**Problem details:** Leave the pictures out, and transcribe the material below exactly from the line with "Korean Camellia Brooch" to the line with "あんこ&麦352「教えて!麦くん」 2017年08月12日 今日の2回目の更新になります。", both lines included.

**Records provided:**
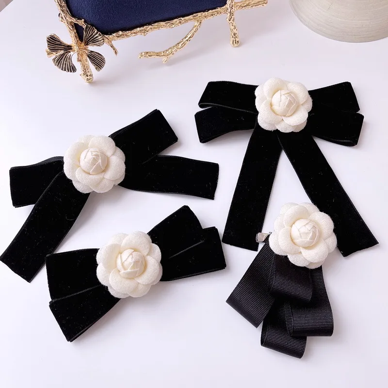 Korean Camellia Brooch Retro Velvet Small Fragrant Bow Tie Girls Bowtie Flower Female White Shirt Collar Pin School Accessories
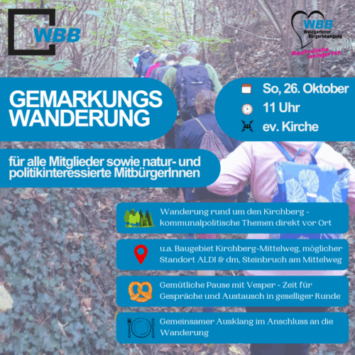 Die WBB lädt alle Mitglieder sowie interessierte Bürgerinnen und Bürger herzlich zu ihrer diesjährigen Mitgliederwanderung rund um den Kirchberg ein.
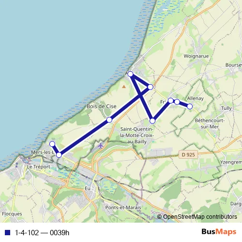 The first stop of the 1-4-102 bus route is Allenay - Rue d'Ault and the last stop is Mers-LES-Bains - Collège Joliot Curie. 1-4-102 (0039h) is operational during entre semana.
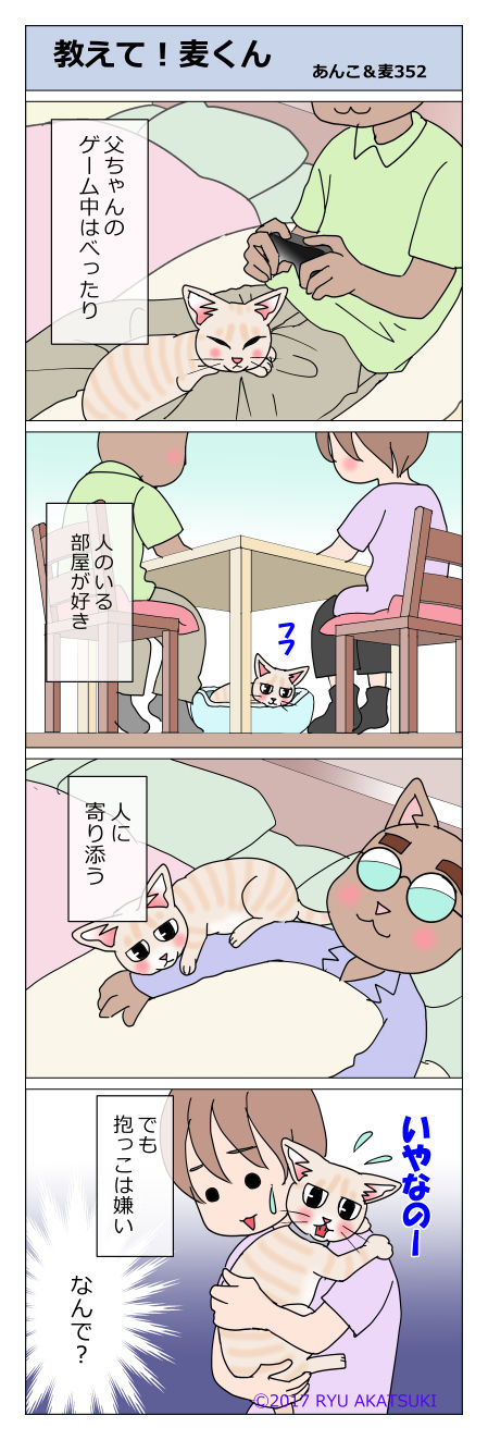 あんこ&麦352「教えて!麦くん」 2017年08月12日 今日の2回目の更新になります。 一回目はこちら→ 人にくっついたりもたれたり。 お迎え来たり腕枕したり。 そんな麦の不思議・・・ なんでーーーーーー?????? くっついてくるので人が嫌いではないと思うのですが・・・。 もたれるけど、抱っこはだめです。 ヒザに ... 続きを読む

---

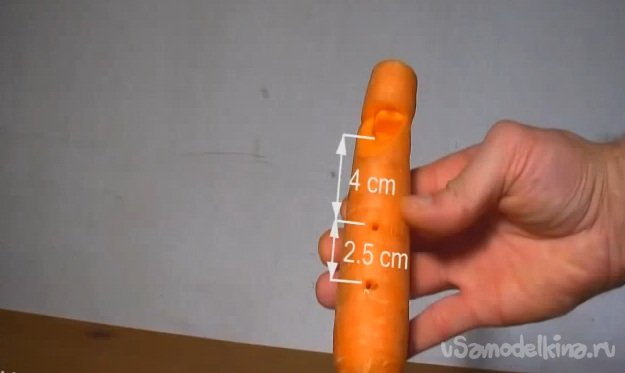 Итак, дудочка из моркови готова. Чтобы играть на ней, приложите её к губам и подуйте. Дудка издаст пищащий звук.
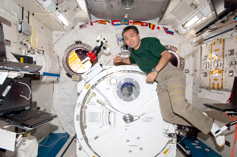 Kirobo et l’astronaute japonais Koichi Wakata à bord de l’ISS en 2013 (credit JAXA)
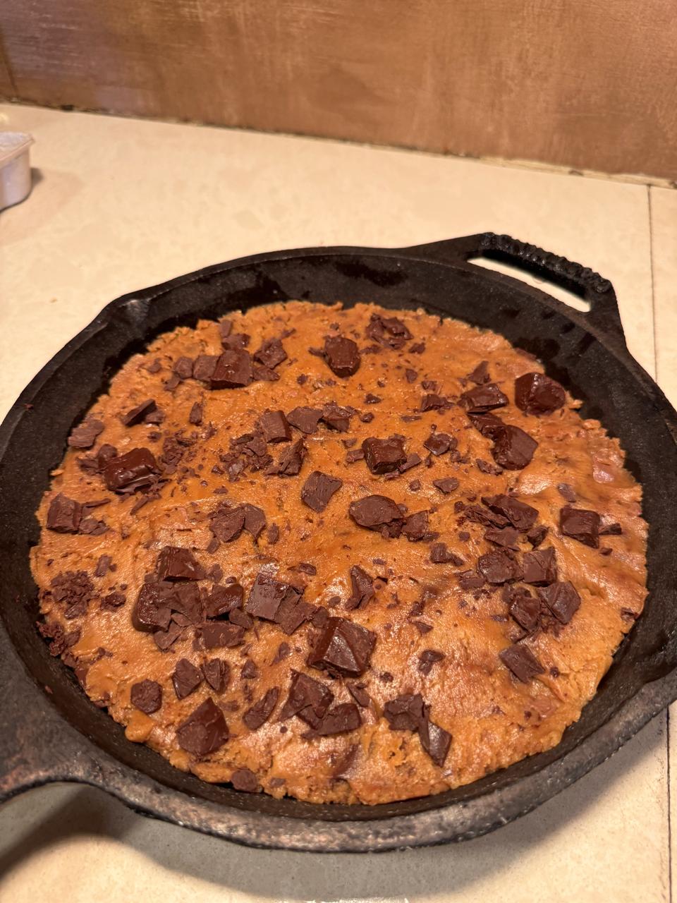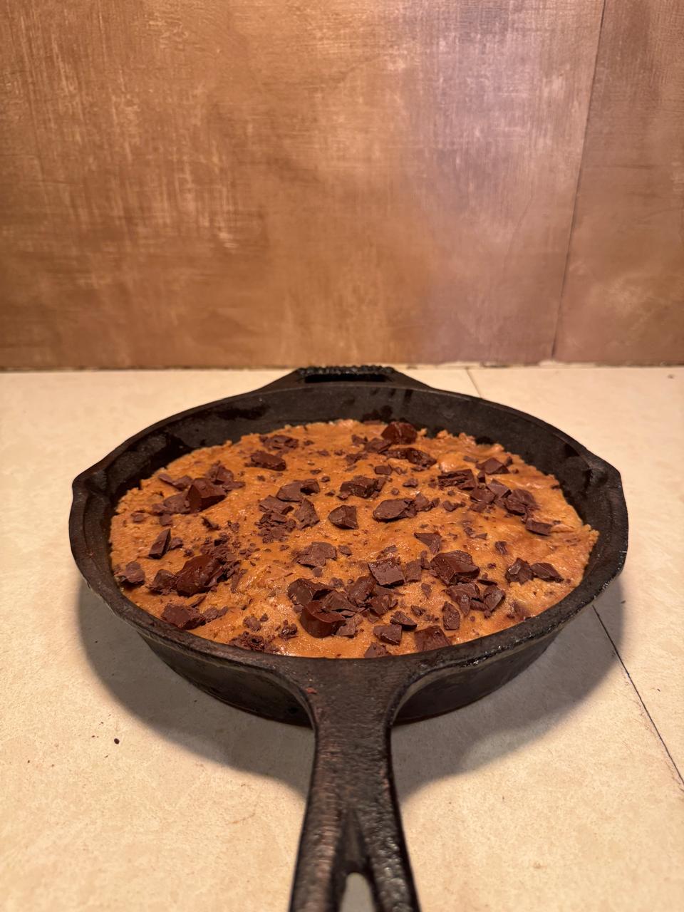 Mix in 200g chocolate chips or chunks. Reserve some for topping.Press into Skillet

**Exercise response:**
 Korean Camellia Brooch Retro Velvet Small Fragrant Bow Tie Girls Bowtie Flower Female White Shirt Collar Pin School Accessories
 Die WBB lädt alle Mitglieder sowie interessierte Bürgerinnen und Bürger herzlich zu ihrer diesjährigen Mitgliederwanderung rund um den Kirchberg ein.
 The first stop of the 1-4-102 bus route is Allenay - Rue d'Ault and the last stop is Mers-LES-Bains - Collège Joliot Curie. 1-4-102 (0039h) is operational during entre semana.
 あんこ&麦352「教えて!麦くん」 2017年08月12日 今日の2回目の更新になります。 一回目はこちら→ 人にくっついたりもたれたり。 お迎え来たり腕枕したり。 そんな麦の不思議・・・ なんでーーーーーー?????? くっついてくるので人が嫌いではないと思うのですが・・・。 もたれるけど、抱っこはだめです。 ヒザに ... 続きを読む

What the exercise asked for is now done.